Data supplied:
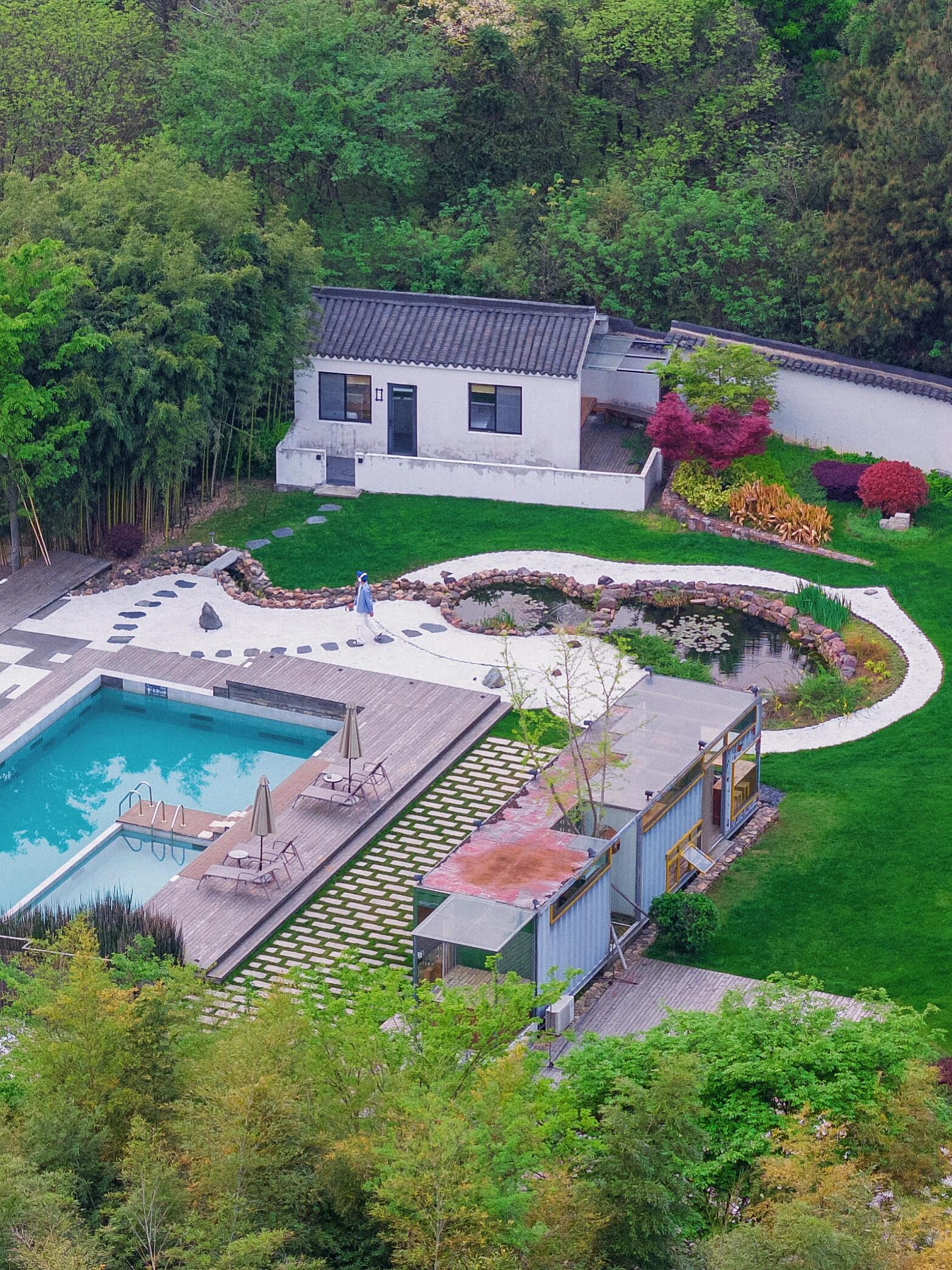 这次溧阳之行我选择了【天目湖石塘三十七号星空泳池 Villa】。大草坪、泳池、花园这间位于山间的民宿可以说是完美融合了当地自然环境,每个房间都配备了门庭小院,不要太舒服~除此之外民宿二期还有一个超大的more fun农场,白天可以和小羊小驴玩耍,亲手制作披萨,傍晚还可以观看篝火演出,体验感超棒
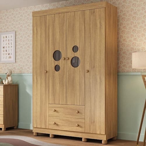 - 4 portas e 2 gavetas (frontais em MDF): amplo espaço interno para organizar roupinhas e acessórios.
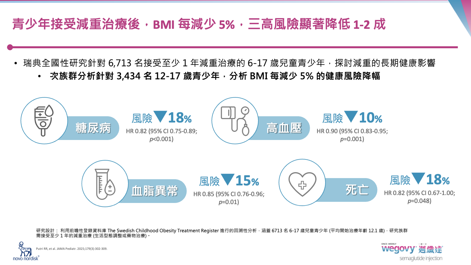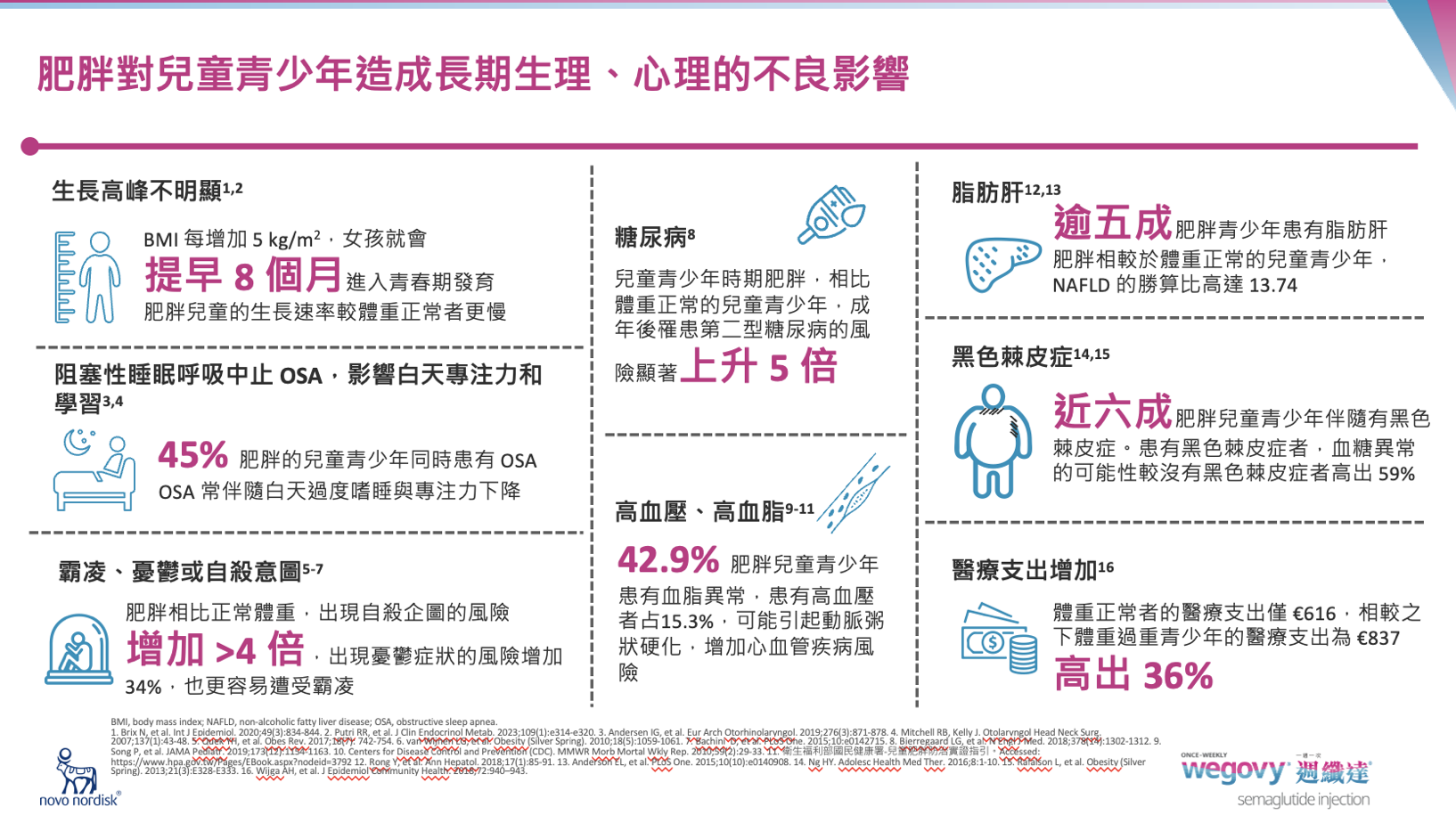 相比體重正常的孩童,兒童青少年時期肥胖,成年後罹患第2型糖尿病的風險會暴增 5 倍;此外,國外研究也顯示肥胖青少年易合併有非酒精性脂肪肝(NAFLD),肥胖兒童青少年族群的 NAFLD 盛行率為 34.19%。
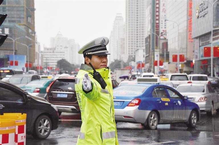 蘭州交警雨天指揮交通 葛 強 攝
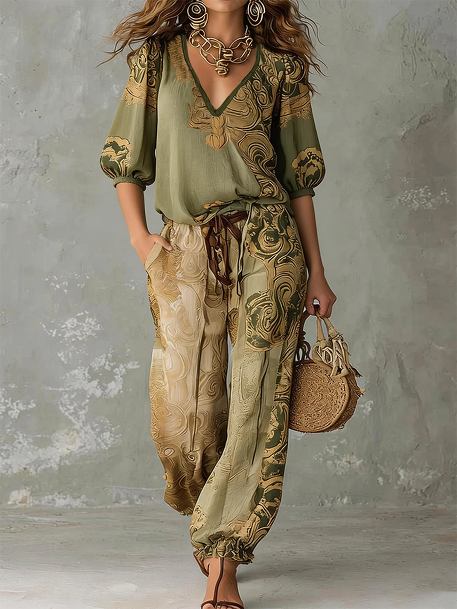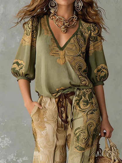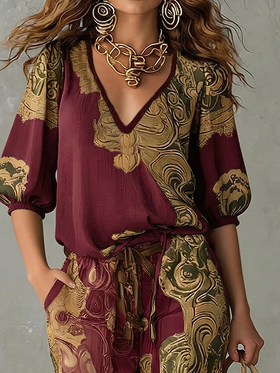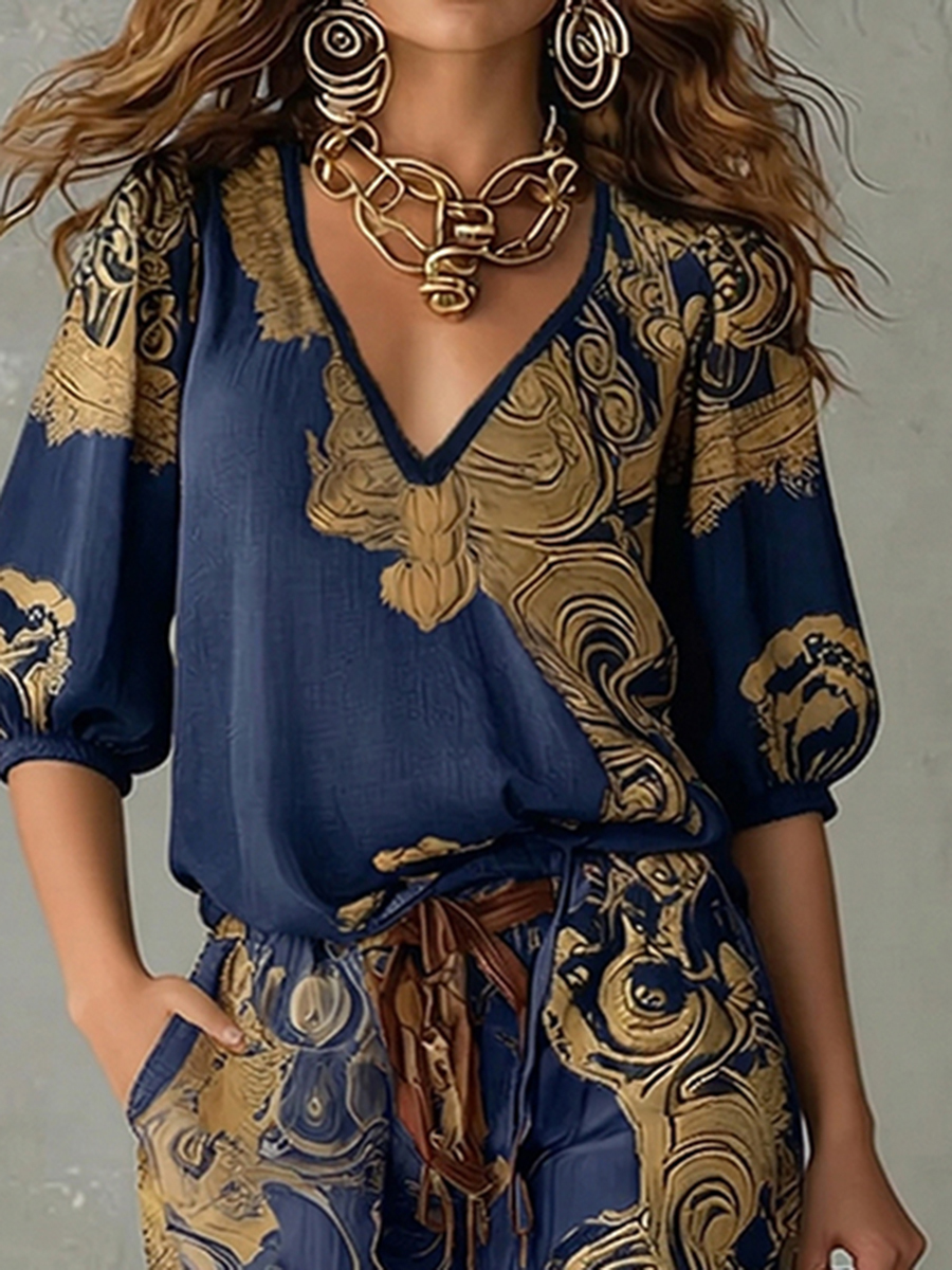 Bohemian Retro Vacation-style Printed V-neck Shirt
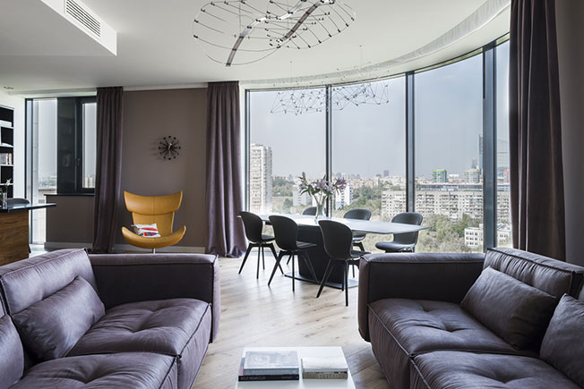«Уже в процессе реализации мы добавляли в интерьер больше цвета, подбирали мебель и декор согласно изменившемуся вкусу, использовали много интересных материалов», — вспоминает автор проекта. Важно. что и палитра и предметы интерьера не оттягивают внимания от панорамы за окном, гармонично сочетаются с городским пейзажем.
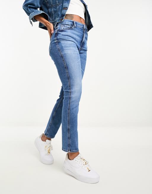 River Island – Schmal geschnittene Jeans in Blau mit hohem Bund

Your task: Leave the pictures out and reproduce exactly the lines from the top of the listing above through the line with "- 4 portas e".

Reply to the task:
 这次溧阳之行我选择了【天目湖石塘三十七号星空泳池 Villa】。大草坪、泳池、花园这间位于山间的民宿可以说是完美融合了当地自然环境,每个房间都配备了门庭小院,不要太舒服~除此之外民宿二期还有一个超大的more fun农场,白天可以和小羊小驴玩耍,亲手制作披萨,傍晚还可以观看篝火演出,体验感超棒
 - 4 portas e 2 gavetas (frontais em MDF): amplo espaço interno para organizar roupinhas e acessórios.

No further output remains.